[Exercise objective]: Only the lines from the top of the records below through the line containing "المانيا الاتحادية تبرز نسي سن الطوبو" should be printed, exactly and without pictures.

[Given data]:
- - - -

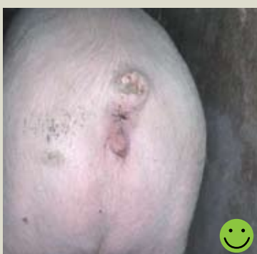
Большая часть хвоста отрезана, рана сухая и зажившая. Оценка: Пригодная для перевозки.
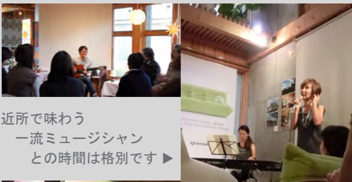
▲文化や芸術と普段着の日常の中でふれあう事で日々の暮らしが豊かに!!
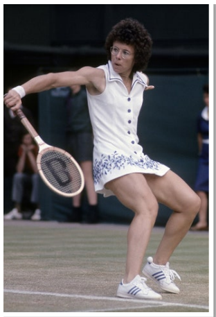
Рис. 20. Фото тенісистки Біллі Джин Кінг, 1975 р.
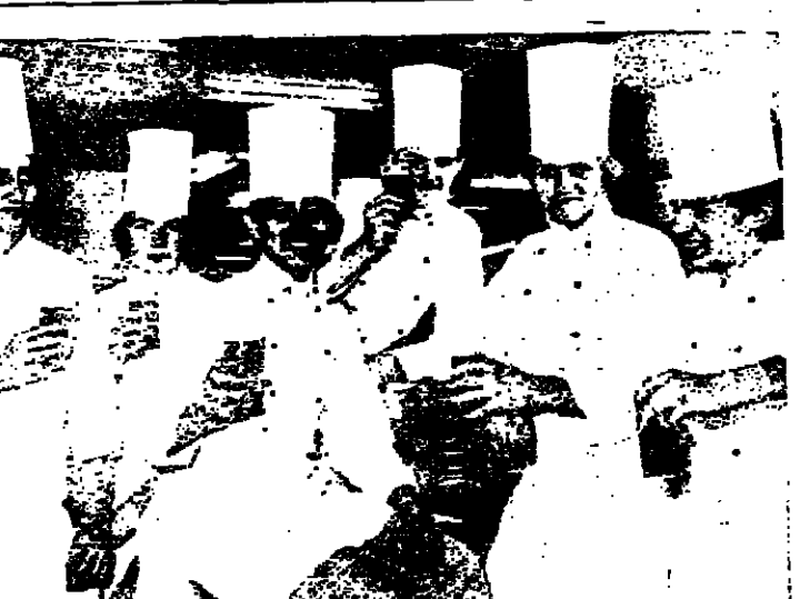
المانيا الاتحادية تبرز نسي سن الطوبو

كان يقال ان السروري مريض لان الغداء ممنوع بكرة الاغذية وخاصة الغداء الفاخر المركب من حلويات وما شبهها . لكن الواقع نقل ان هذا المرض انتشر ايضا لدى الشعوب الفقيرة المحتجة الى الاغذية - الفنية - واقبل الظن ان مرض السروري كان شائما لدى الفقراء ايضا ، وانما لم يكن معروفا لان الفقير قلما يستطيع دفع الاجور الطبية والتحاليل اللازمة لتخيص المرض . ويستل من تحقيقات منظمة الصحة العالمية ان السمنة الناتجة عن الارطاب في الاغذية هي سبب من اسباب السروري ولكن سوء التغذية هو ايضا سبب . ولا شك ان الارطاب في المواد السكرية يسبب اضطرابات جسدية لان مادة انسولين التي تفرزها غدة البنكرياس تعجز عن تدعيم من همم هذا السكر الزائد نسي المدم . غير ان السكر مادة اساسية للبدن .. وإذا كان النظام الغذائي لا يشمل على الكمية كافية من المواد السكرية كالتفواكه بنوع خاص فان الصلابة بالمرض السروري تصل ايضا .. تقصان السكر في الدم .

- - - -

[Your response]:
Большая часть хвоста отрезана, рана сухая и зажившая. Оценка: Пригодная для перевозки.
▲文化や芸術と普段着の日常の中でふれあう事で日々の暮らしが豊かに!!
Рис. 20. Фото тенісистки Біллі Джин Кінг, 1975 р.
المانيا الاتحادية تبرز نسي سن الطوبو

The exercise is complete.